● **Data for this exercise**:
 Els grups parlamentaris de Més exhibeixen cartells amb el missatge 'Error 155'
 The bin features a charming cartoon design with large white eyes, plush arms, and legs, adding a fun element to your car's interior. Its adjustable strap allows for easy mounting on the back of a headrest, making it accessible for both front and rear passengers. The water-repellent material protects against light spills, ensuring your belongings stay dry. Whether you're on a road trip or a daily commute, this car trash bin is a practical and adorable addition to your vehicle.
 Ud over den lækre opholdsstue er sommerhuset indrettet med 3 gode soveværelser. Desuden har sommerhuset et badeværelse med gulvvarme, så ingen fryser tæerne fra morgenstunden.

...

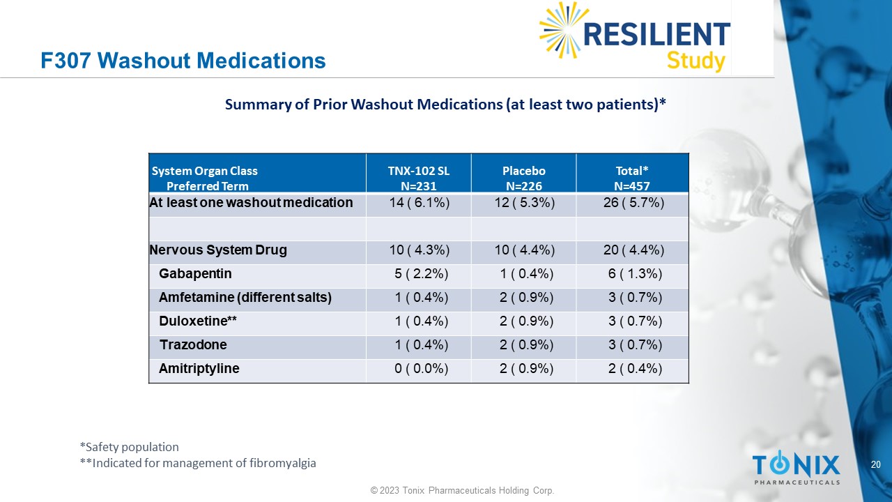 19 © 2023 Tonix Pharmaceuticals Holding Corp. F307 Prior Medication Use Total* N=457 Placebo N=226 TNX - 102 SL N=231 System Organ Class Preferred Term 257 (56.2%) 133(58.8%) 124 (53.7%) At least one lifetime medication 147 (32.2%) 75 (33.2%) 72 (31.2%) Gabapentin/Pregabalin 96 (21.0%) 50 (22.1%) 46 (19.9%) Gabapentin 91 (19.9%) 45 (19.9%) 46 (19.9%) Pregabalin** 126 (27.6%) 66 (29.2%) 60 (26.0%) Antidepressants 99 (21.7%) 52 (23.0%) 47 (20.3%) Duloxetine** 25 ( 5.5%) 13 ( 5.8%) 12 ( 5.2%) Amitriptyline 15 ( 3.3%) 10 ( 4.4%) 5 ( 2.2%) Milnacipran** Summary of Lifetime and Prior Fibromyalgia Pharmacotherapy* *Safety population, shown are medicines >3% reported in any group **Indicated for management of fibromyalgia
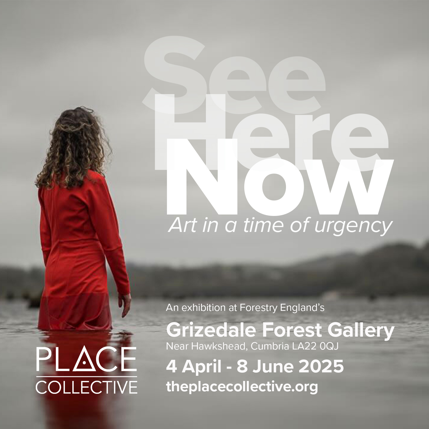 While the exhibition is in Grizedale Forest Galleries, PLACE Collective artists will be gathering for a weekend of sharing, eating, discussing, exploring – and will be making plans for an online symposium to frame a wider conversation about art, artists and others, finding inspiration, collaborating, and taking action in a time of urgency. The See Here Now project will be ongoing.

---

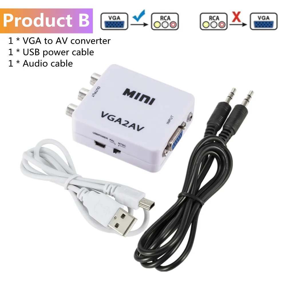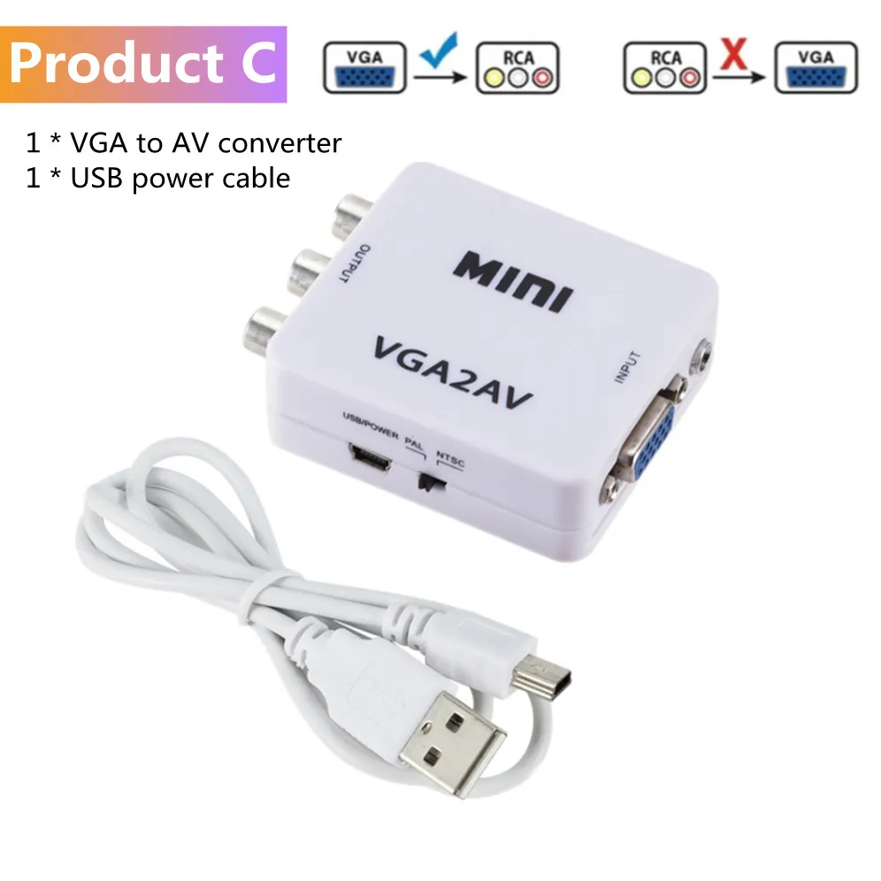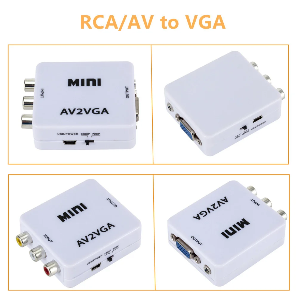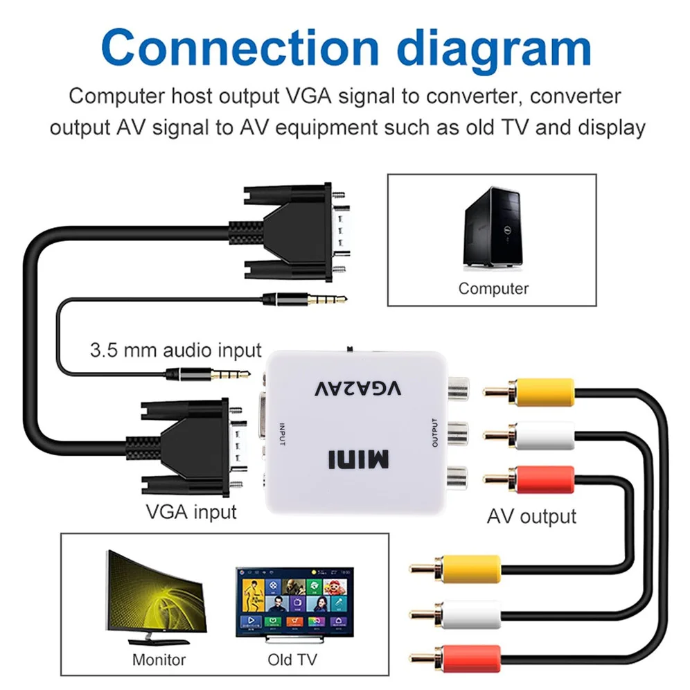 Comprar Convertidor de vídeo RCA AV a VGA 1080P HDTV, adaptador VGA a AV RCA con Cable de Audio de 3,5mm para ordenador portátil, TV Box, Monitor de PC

● **Goal of the exercise**:
Give the exact lines, and only those, from the line containing "Els grups parlamentaris" through the line containing "Ud over den" in the entries above.

● **Your response**:
 Els grups parlamentaris de Més exhibeixen cartells amb el missatge 'Error 155'
 The bin features a charming cartoon design with large white eyes, plush arms, and legs, adding a fun element to your car's interior. Its adjustable strap allows for easy mounting on the back of a headrest, making it accessible for both front and rear passengers. The water-repellent material protects against light spills, ensuring your belongings stay dry. Whether you're on a road trip or a daily commute, this car trash bin is a practical and adorable addition to your vehicle.
 Ud over den lækre opholdsstue er sommerhuset indrettet med 3 gode soveværelser. Desuden har sommerhuset et badeværelse med gulvvarme, så ingen fryser tæerne fra morgenstunden.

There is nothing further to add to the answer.